### Work order
Starting at the first line of the records below, reproduce every line up to and including the line with "Höchster Stand (Kulmination)07:10", but leave out all pictures.

[Stored data]
● ● ● ● ●
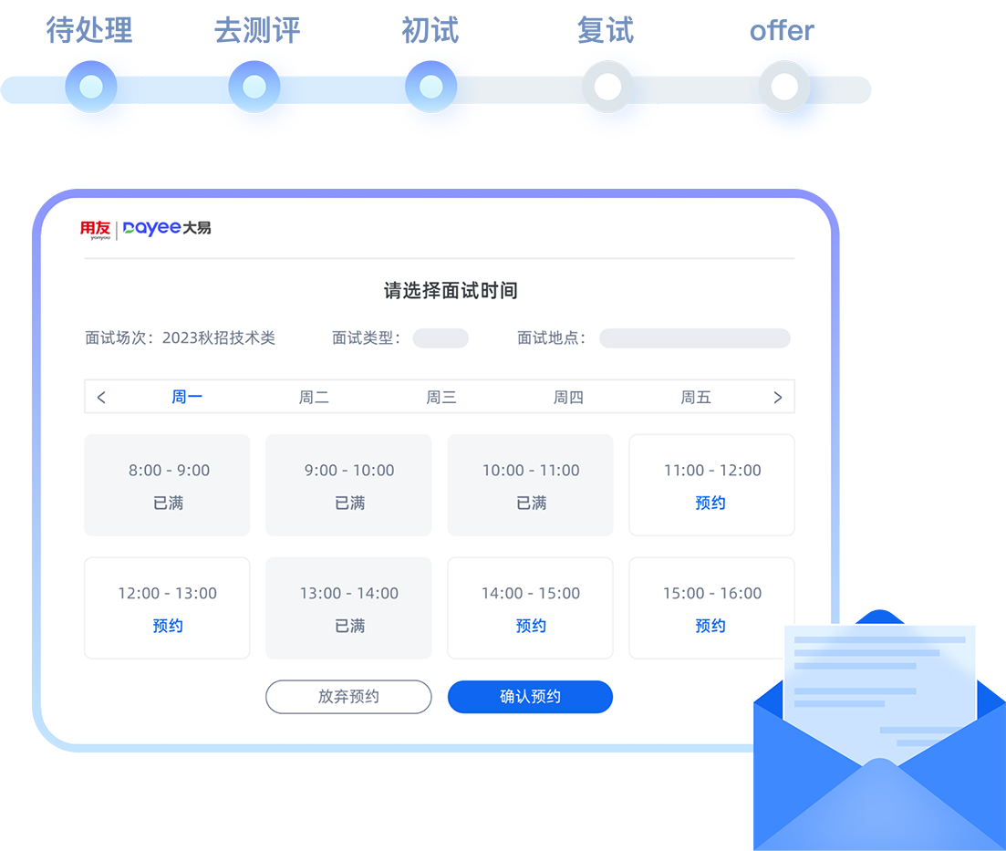 候选人可以自由预约可面试时间,如影院选座般轻松自如
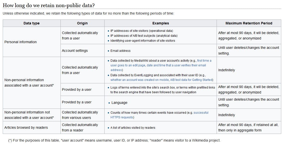 Daarnaast worden onder andere je taalinstelling, naam van de provider, de website waar je vandaan kwam, de pagina’s die je bezoekt en de datum en tijd van het bezoek opgeslagen. Wikipedia geeft een helder overzicht van het gegevensbeleid en de bewaartermijnen, maar zou kunnen overwegen bepaalde gegevens zoals e-mailadressen en accountgegevens eerder te verwijderen. Deze worden in de huidige situatie namelijk niet weggehaald na verloop van tijd.
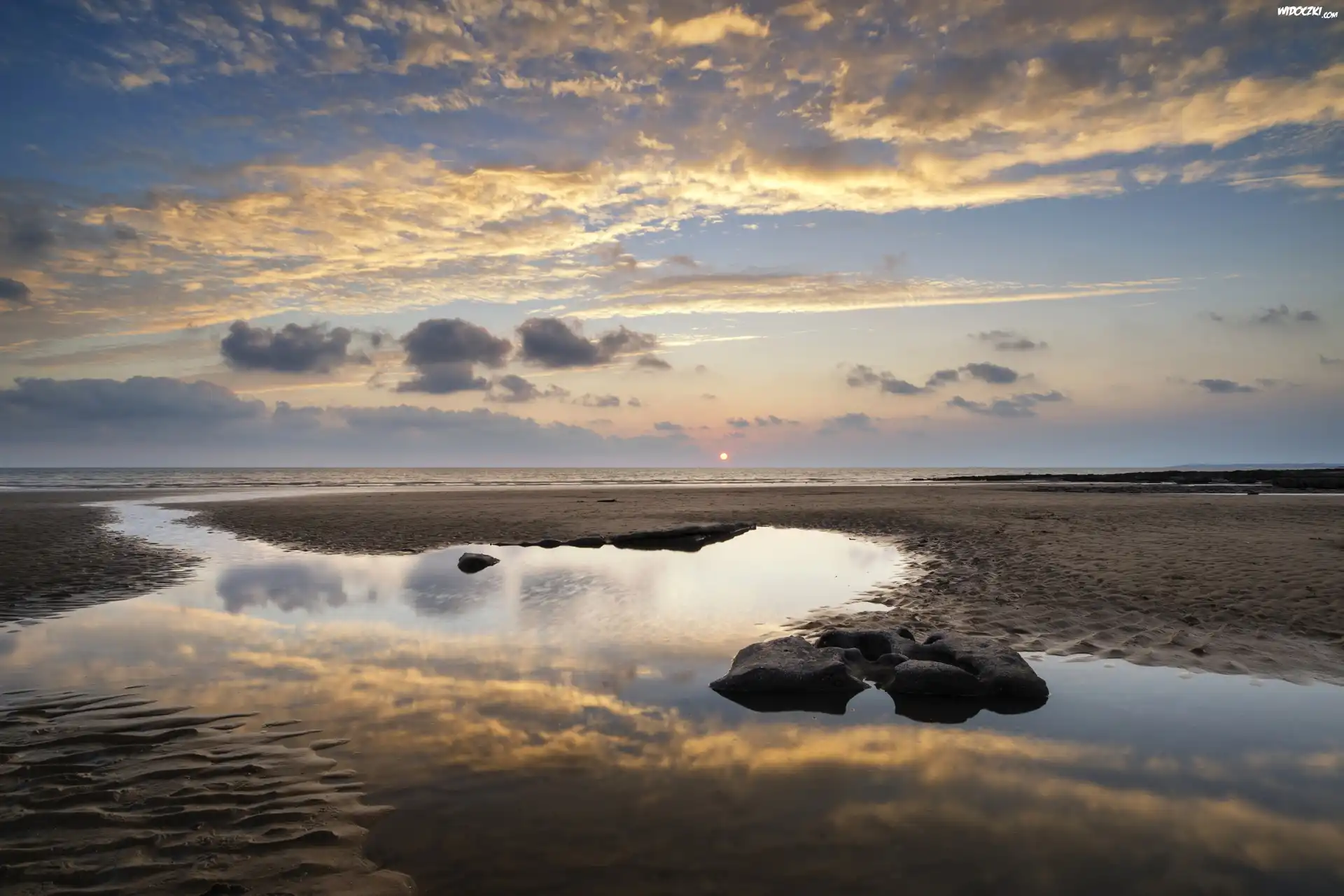 Zdjęcia, Walia, Plaża, Dunraven Bay, Chmury, Świt, Wschód słońca
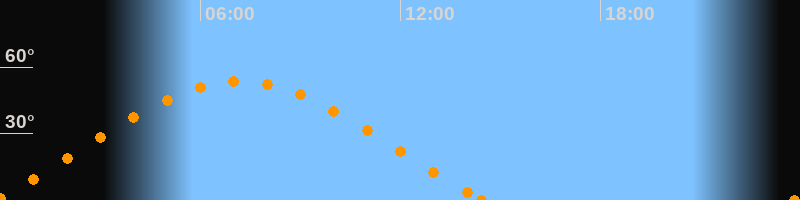 Höchster Stand (Kulmination)07:10 Uhr (h = 53.7°)
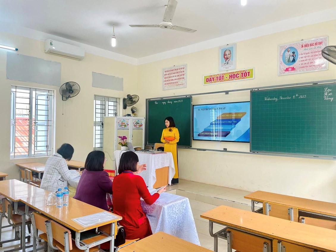 Các cô giáo thực hiện 2 nội dụng: thực hành dạy 1 tiết tại khối lớp mình đang giảng dạy và trình bày 1 biện pháp góp phần nâng cao chất lượng công tác giảng dạy của cá nhân tại trường đang công tác.
● ● ● ● ●
### Result of the exercise
 候选人可以自由预约可面试时间,如影院选座般轻松自如
 Daarnaast worden onder andere je taalinstelling, naam van de provider, de website waar je vandaan kwam, de pagina’s die je bezoekt en de datum en tijd van het bezoek opgeslagen. Wikipedia geeft een helder overzicht van het gegevensbeleid en de bewaartermijnen, maar zou kunnen overwegen bepaalde gegevens zoals e-mailadressen en accountgegevens eerder te verwijderen. Deze worden in de huidige situatie namelijk niet weggehaald na verloop van tijd.
 Zdjęcia, Walia, Plaża, Dunraven Bay, Chmury, Świt, Wschód słońca
 Höchster Stand (Kulmination)07:10 Uhr (h = 53.7°)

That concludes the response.